If a line below falls between the line with "Eskişehirspor U-19 takımında" and the line with "- 【CHOOSE THE", or is one of those two, output it exactly; output nothing else and no pictures.

Data entries
BEGIN
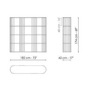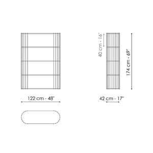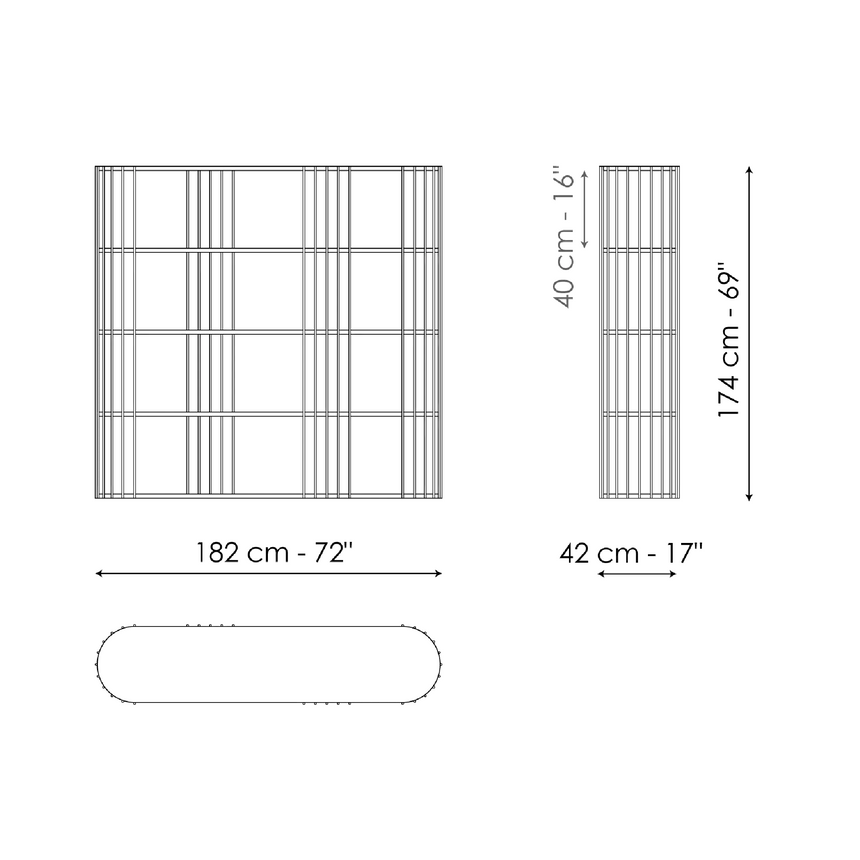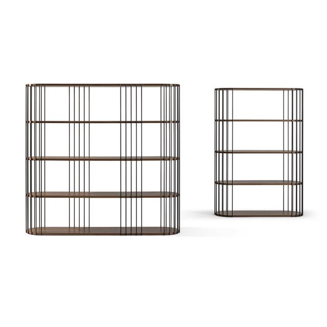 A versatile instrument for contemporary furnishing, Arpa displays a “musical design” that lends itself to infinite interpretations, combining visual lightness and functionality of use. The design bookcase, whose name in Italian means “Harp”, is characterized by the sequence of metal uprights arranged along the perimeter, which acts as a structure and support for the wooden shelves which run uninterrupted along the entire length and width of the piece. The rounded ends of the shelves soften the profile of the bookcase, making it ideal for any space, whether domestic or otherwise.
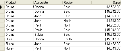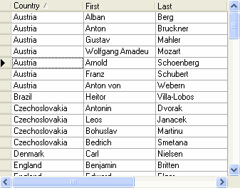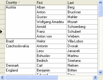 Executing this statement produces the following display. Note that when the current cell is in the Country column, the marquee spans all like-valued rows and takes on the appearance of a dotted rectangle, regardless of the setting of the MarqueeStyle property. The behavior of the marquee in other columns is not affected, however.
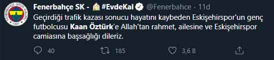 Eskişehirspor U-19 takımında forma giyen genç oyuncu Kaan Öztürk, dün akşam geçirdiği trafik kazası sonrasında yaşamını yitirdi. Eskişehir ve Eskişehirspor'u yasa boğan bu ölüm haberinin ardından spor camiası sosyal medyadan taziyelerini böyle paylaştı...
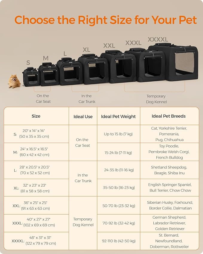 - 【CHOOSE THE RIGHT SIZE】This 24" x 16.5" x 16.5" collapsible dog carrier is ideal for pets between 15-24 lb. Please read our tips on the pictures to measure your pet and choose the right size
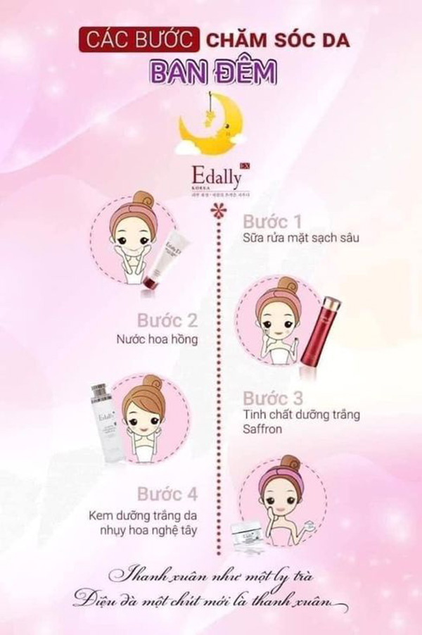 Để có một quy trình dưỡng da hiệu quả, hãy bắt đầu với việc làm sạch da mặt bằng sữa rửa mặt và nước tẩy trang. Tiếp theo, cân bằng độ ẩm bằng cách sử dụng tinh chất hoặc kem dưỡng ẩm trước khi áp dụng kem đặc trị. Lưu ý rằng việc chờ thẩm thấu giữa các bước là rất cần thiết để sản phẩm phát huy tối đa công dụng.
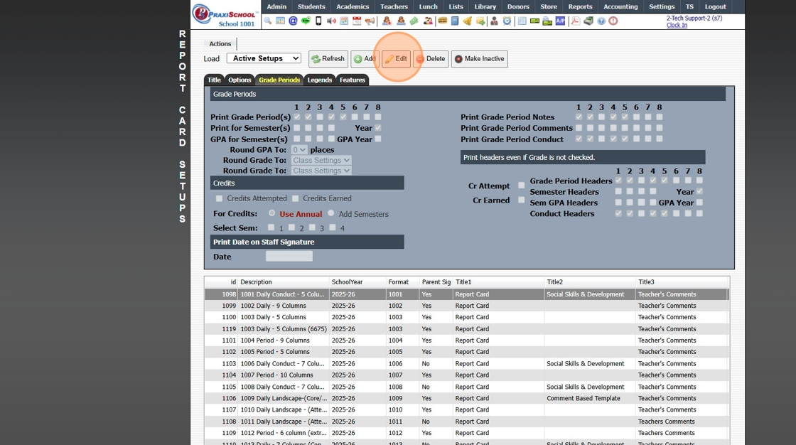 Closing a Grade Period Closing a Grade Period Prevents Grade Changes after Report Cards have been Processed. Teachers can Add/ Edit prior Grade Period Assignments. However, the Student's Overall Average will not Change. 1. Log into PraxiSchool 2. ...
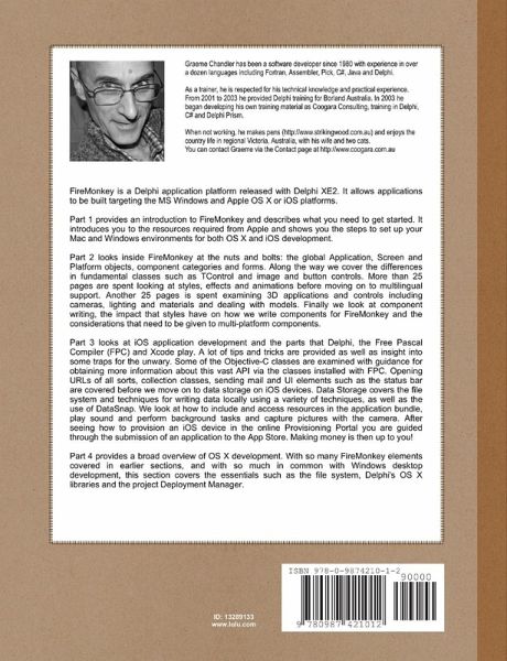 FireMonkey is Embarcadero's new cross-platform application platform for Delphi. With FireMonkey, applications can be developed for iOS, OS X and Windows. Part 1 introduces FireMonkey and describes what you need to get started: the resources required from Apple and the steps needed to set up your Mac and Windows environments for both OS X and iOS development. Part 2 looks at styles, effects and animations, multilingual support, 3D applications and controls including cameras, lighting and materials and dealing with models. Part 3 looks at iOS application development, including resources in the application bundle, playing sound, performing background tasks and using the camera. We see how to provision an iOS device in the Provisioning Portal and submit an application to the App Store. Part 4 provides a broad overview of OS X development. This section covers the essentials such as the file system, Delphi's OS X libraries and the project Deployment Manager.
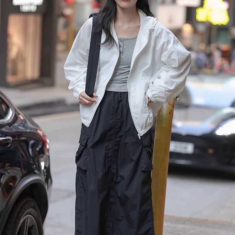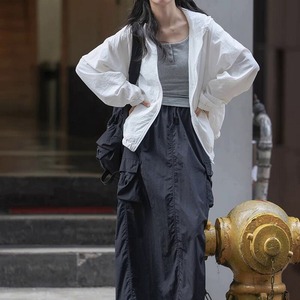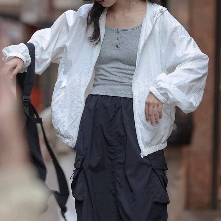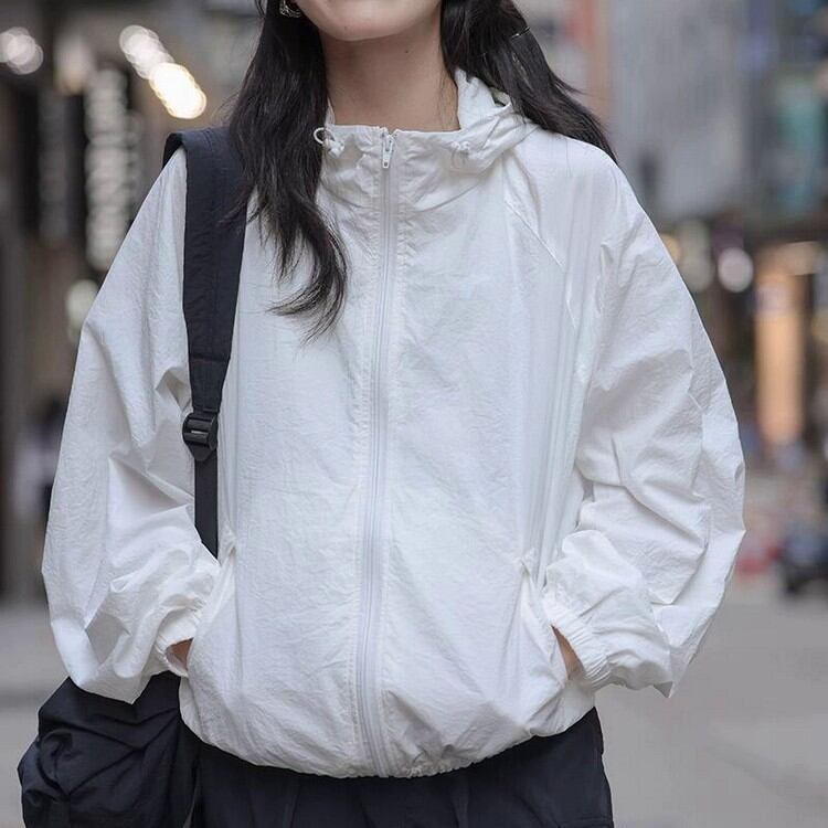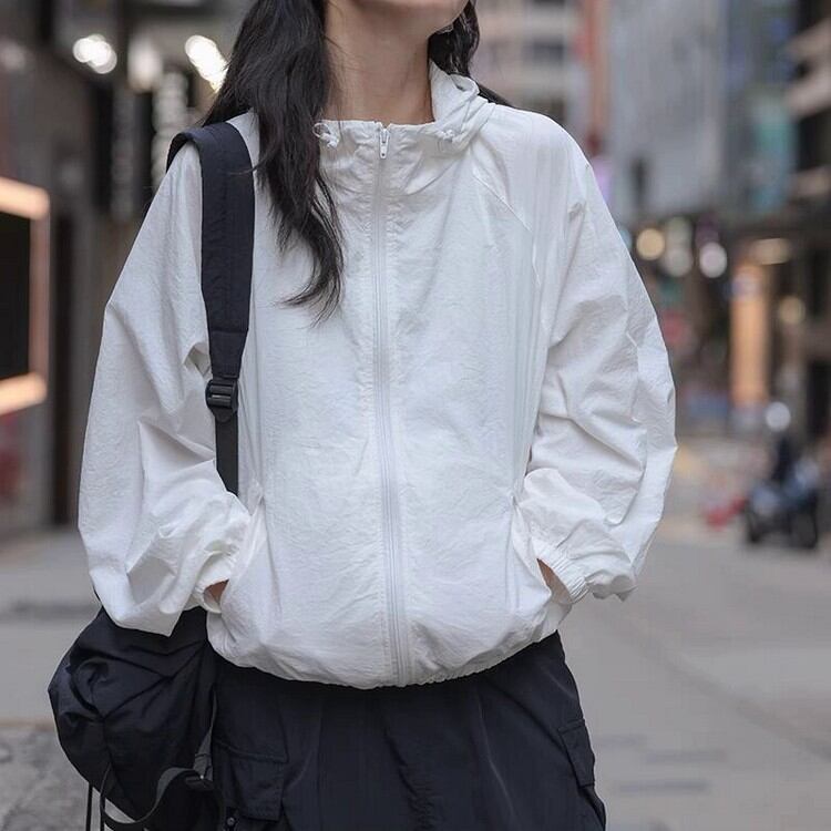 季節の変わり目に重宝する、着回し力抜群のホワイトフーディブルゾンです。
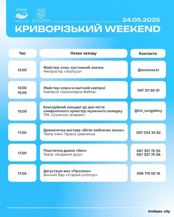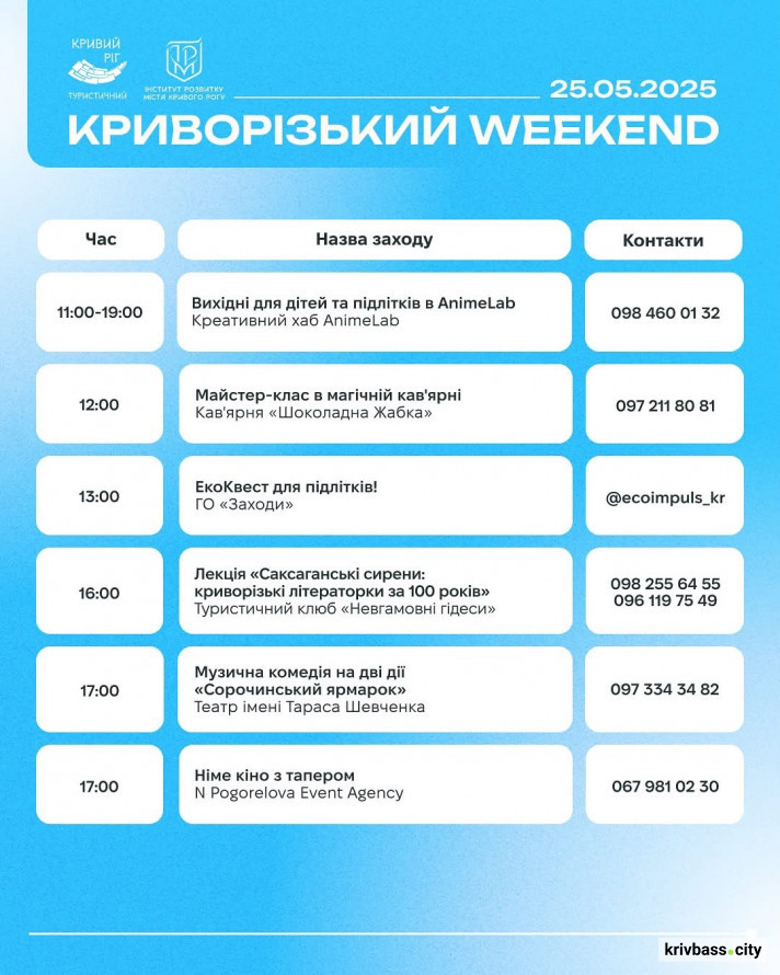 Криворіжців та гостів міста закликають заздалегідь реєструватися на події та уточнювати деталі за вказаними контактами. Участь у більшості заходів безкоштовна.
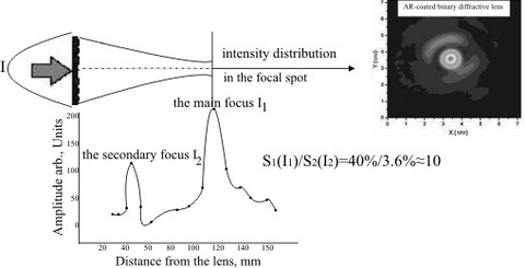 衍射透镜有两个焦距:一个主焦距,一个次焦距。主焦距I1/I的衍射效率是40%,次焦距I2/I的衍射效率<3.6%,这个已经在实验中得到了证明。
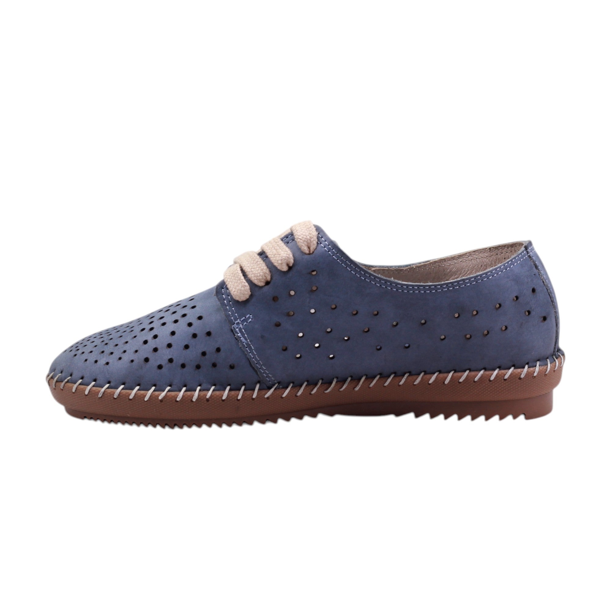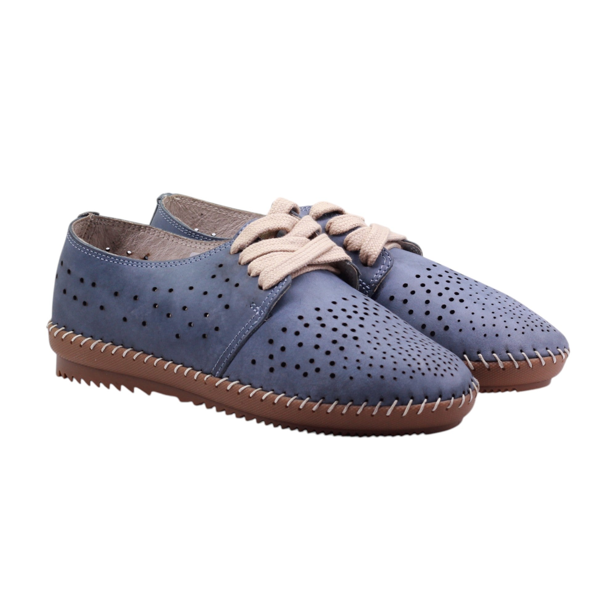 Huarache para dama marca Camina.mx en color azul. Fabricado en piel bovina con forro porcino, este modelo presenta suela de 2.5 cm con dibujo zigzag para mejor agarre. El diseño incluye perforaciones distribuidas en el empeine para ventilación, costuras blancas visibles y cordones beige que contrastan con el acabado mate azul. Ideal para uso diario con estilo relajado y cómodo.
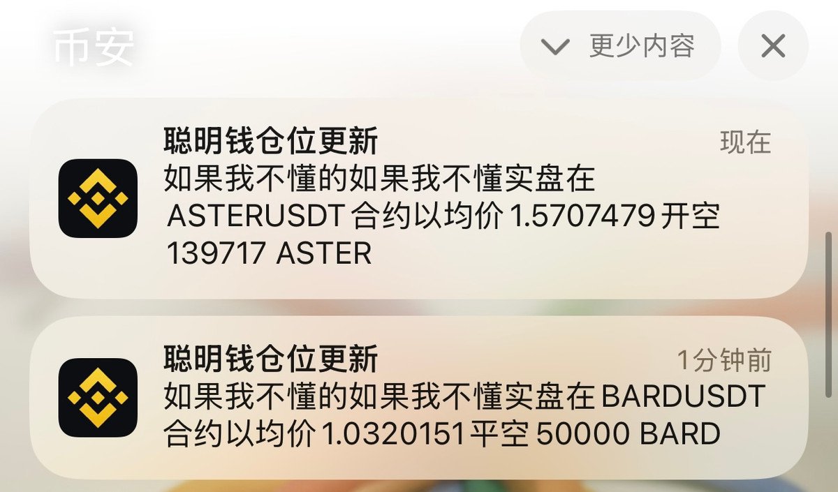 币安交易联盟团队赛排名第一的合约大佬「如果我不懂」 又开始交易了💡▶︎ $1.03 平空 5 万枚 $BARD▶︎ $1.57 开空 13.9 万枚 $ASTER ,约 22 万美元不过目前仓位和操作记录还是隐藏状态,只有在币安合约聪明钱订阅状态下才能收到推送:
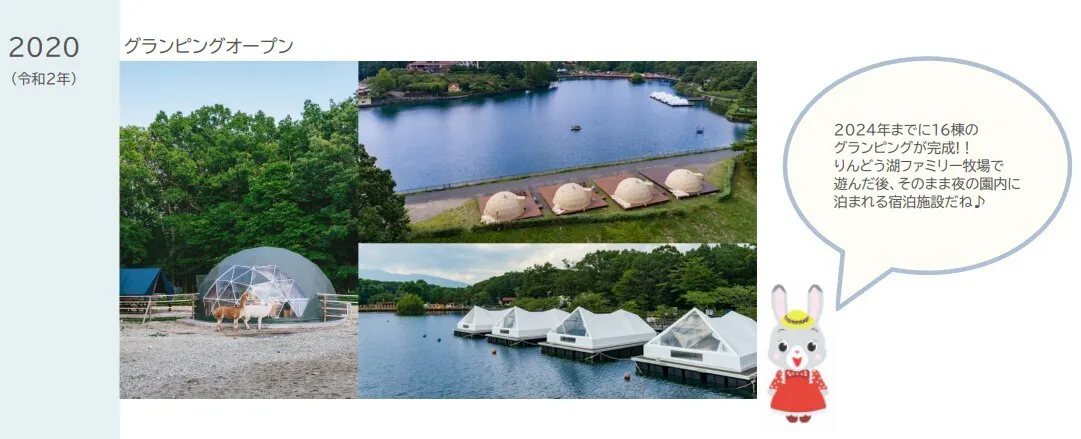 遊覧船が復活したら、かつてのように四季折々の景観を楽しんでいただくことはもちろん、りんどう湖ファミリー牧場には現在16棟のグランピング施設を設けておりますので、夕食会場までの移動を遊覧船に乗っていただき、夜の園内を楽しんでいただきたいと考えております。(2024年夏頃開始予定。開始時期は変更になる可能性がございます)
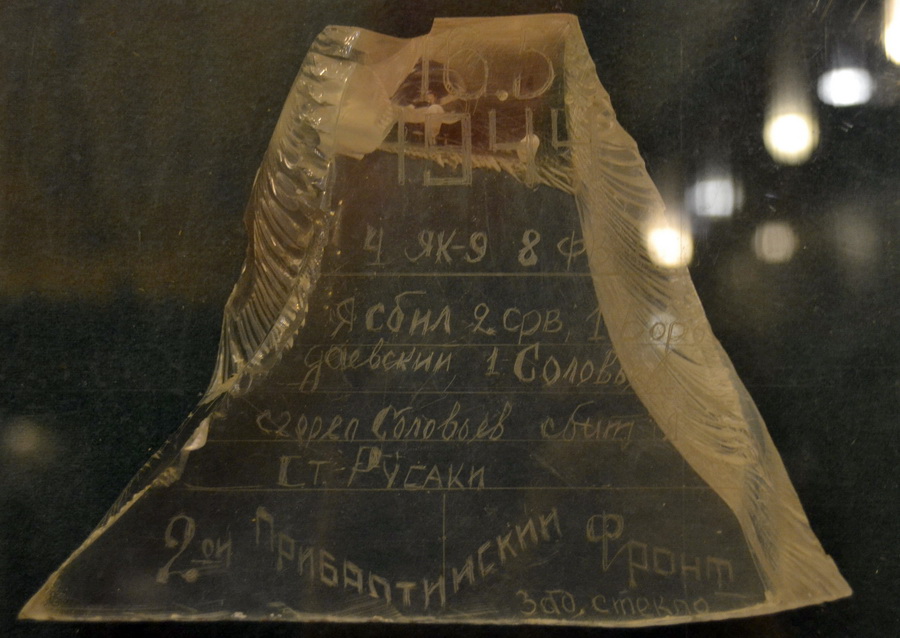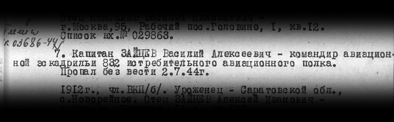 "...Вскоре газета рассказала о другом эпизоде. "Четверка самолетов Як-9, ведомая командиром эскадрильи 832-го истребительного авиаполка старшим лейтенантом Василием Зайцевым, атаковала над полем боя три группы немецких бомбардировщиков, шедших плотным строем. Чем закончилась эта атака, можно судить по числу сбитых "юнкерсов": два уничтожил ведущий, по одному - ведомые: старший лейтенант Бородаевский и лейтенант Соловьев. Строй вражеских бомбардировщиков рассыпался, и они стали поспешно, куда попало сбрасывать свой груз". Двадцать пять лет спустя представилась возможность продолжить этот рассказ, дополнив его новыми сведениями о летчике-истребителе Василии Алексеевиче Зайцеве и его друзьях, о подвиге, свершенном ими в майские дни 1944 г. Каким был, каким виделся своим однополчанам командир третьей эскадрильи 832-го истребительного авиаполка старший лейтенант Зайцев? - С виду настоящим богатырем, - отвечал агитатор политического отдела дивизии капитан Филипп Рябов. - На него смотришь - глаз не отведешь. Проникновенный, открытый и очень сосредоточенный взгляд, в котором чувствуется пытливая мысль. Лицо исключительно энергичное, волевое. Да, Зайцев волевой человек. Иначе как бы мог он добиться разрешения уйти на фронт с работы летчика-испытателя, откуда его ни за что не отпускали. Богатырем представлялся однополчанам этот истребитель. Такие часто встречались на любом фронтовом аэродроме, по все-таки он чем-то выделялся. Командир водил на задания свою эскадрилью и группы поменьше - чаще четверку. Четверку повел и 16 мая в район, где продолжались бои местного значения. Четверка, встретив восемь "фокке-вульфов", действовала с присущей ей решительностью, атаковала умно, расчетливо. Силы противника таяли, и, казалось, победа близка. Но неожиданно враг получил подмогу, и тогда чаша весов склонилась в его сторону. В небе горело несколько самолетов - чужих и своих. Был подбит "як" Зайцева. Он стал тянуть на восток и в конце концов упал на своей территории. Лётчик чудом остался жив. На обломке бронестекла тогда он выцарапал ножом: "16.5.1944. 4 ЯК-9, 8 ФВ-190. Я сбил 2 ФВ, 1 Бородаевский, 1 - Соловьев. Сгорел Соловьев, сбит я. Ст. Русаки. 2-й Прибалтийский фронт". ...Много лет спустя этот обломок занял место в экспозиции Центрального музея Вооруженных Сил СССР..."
END
■ **Result of the task**
 Eskişehirspor U-19 takımında forma giyen genç oyuncu Kaan Öztürk, dün akşam geçirdiği trafik kazası sonrasında yaşamını yitirdi. Eskişehir ve Eskişehirspor'u yasa boğan bu ölüm haberinin ardından spor camiası sosyal medyadan taziyelerini böyle paylaştı...
 - 【CHOOSE THE RIGHT SIZE】This 24" x 16.5" x 16.5" collapsible dog carrier is ideal for pets between 15-24 lb. Please read our tips on the pictures to measure your pet and choose the right size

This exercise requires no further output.